# Extracted material:
[Start of Attachment]
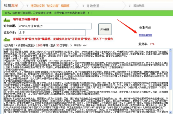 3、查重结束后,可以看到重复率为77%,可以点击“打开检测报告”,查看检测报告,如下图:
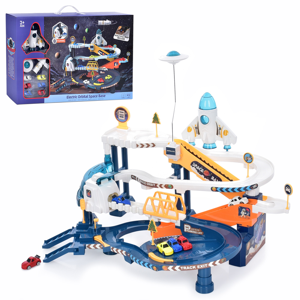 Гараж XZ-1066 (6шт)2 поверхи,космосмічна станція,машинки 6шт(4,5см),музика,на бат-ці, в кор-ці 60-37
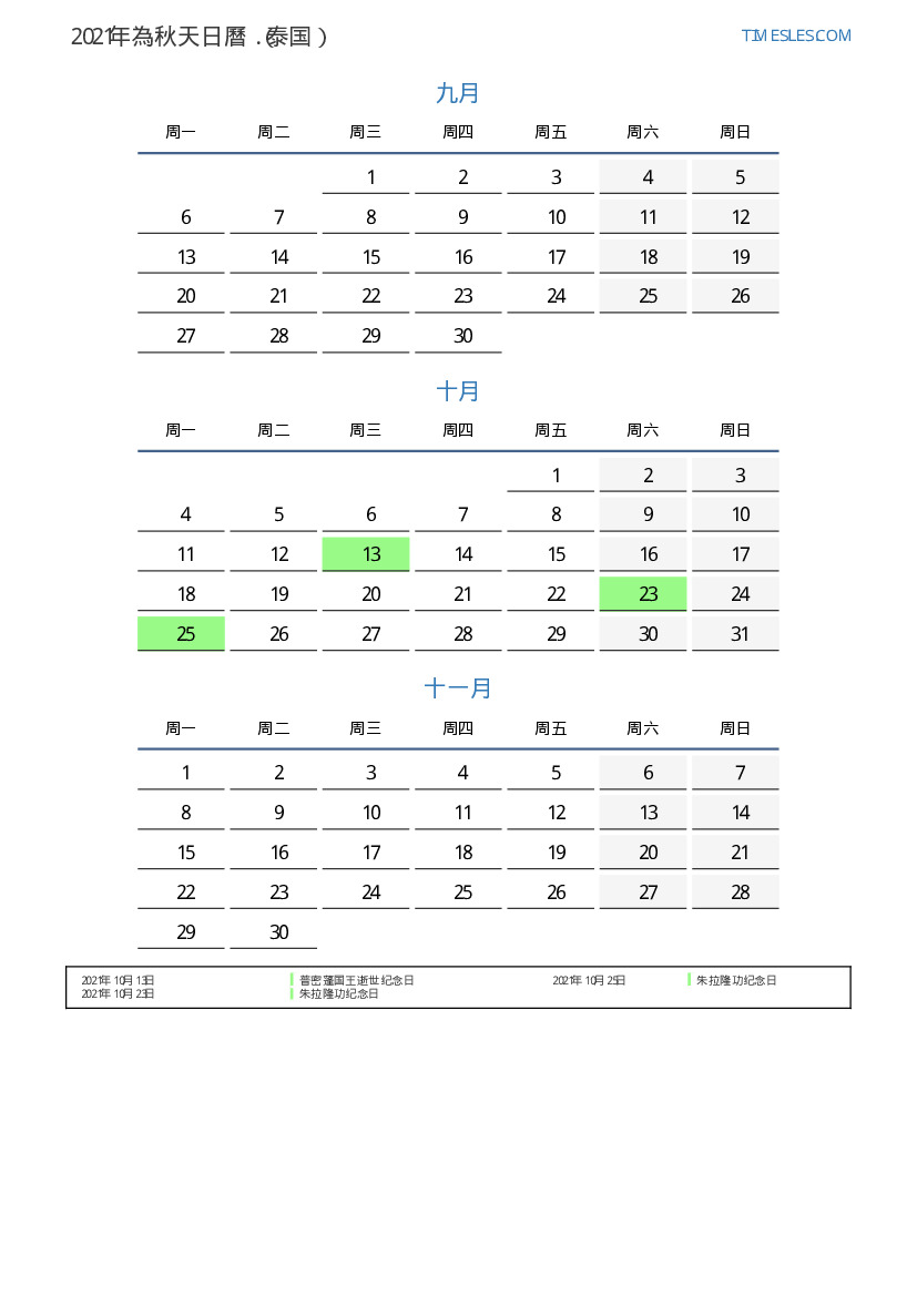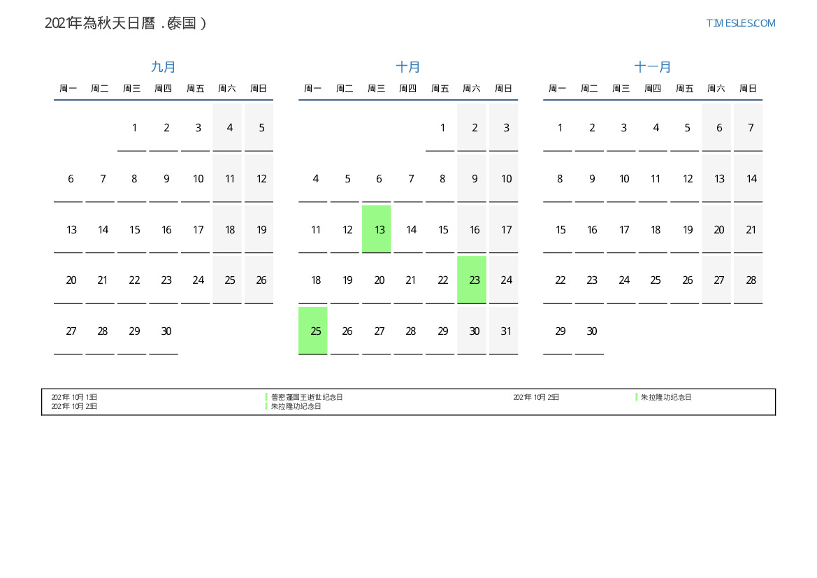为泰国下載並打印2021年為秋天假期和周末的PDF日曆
[End of Attachment]
[Start of Attachment]
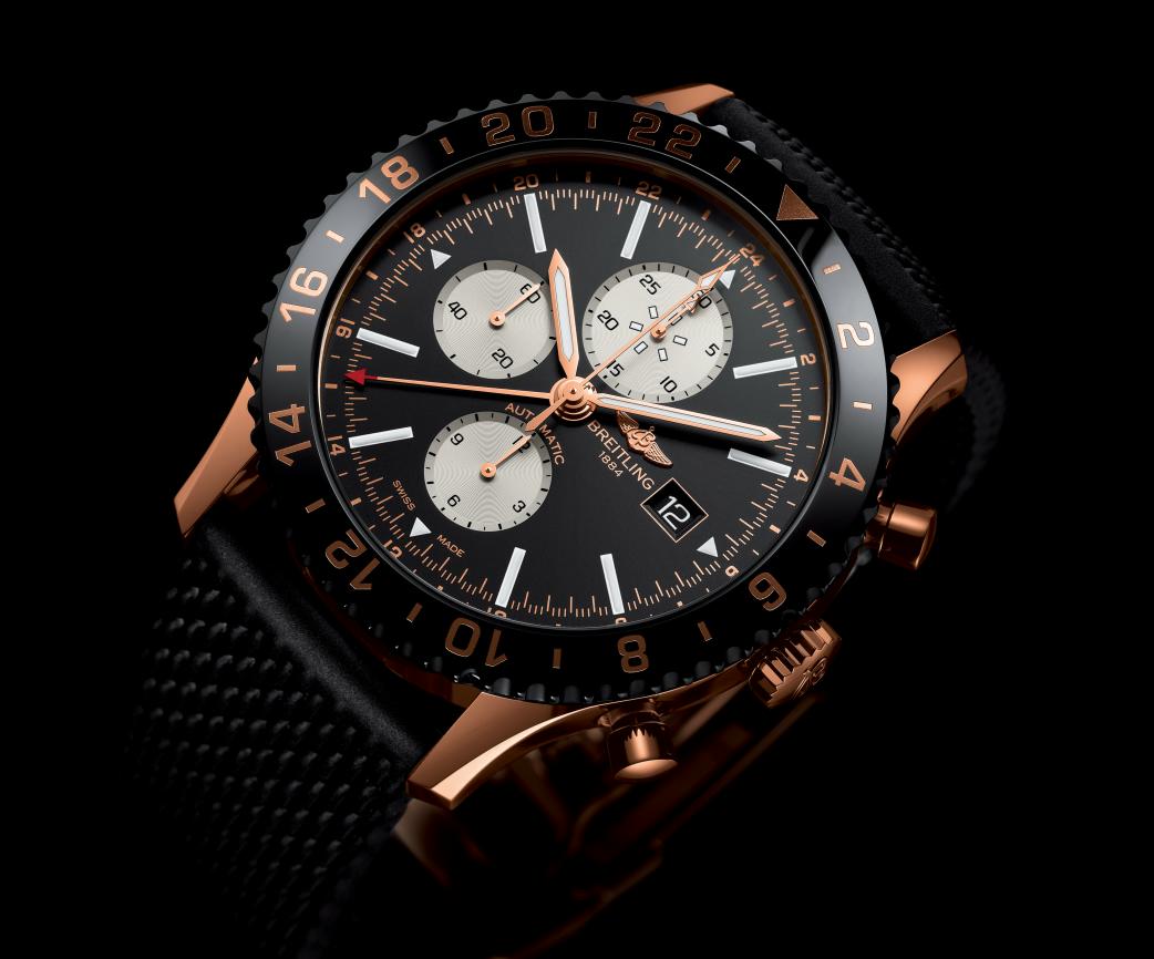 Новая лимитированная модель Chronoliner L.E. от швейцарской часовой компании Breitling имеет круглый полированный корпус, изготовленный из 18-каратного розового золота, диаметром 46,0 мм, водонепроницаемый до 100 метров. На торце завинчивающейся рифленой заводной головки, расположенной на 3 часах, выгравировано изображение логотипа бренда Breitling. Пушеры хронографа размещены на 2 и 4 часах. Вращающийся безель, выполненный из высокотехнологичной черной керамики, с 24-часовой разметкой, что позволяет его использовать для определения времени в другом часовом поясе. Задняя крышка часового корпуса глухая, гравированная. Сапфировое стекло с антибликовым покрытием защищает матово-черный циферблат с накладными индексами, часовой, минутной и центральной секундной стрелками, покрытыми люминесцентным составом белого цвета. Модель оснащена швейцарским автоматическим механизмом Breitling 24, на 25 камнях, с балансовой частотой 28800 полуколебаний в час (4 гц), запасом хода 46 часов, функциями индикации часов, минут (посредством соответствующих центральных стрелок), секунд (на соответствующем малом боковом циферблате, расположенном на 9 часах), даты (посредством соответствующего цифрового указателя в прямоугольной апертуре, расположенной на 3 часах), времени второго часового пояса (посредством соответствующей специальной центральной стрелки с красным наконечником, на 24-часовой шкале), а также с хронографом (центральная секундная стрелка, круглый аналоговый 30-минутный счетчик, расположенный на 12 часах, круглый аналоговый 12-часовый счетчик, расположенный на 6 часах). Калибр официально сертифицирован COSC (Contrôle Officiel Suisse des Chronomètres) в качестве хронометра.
[End of Attachment]
[Start of Attachment]
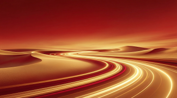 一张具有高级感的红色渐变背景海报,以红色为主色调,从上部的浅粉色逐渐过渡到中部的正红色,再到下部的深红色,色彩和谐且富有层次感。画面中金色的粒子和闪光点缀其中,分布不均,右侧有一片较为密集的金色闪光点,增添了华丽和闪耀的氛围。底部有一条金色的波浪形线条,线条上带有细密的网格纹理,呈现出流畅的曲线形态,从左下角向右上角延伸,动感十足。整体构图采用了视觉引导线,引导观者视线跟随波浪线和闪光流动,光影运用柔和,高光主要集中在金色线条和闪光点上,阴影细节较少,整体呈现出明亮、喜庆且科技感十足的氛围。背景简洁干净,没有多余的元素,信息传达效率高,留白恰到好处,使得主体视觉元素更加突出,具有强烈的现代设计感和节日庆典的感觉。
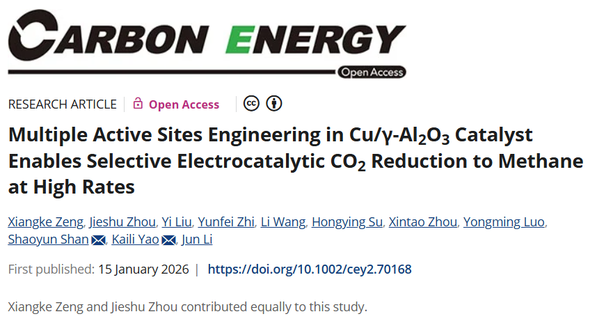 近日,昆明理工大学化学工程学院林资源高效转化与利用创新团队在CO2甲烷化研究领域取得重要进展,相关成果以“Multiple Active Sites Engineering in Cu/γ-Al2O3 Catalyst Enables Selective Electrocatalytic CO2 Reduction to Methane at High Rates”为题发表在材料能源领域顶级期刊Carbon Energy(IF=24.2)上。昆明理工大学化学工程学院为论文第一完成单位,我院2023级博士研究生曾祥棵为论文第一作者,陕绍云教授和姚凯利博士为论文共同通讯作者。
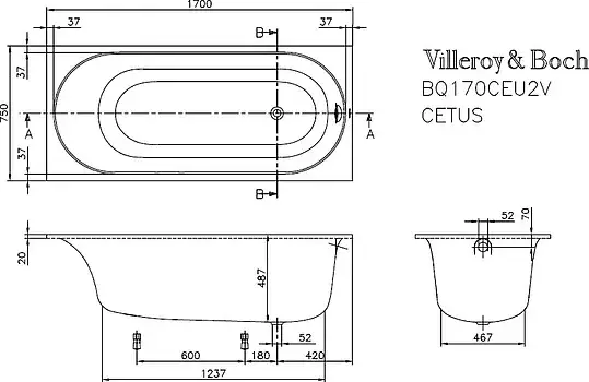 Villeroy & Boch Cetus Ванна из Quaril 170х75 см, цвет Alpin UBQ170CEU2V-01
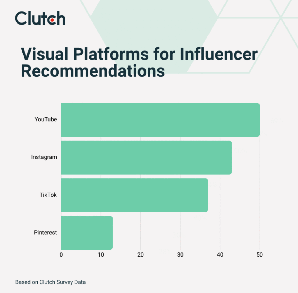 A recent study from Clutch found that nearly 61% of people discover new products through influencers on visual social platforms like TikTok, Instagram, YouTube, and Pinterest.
[End of Attachment]
# Task objective:
I'd like the lines above repeated exactly, from the one that contains "3、查重结束后,可以看到重复" through the one that contains "为泰国下載並打印2021年為秋天假期和周末的PDF日曆", with no pictures.

# Answer for the task:
 3、查重结束后,可以看到重复率为77%,可以点击“打开检测报告”,查看检测报告,如下图:
 Гараж XZ-1066 (6шт)2 поверхи,космосмічна станція,машинки 6шт(4,5см),музика,на бат-ці, в кор-ці 60-37
为泰国下載並打印2021年為秋天假期和周末的PDF日曆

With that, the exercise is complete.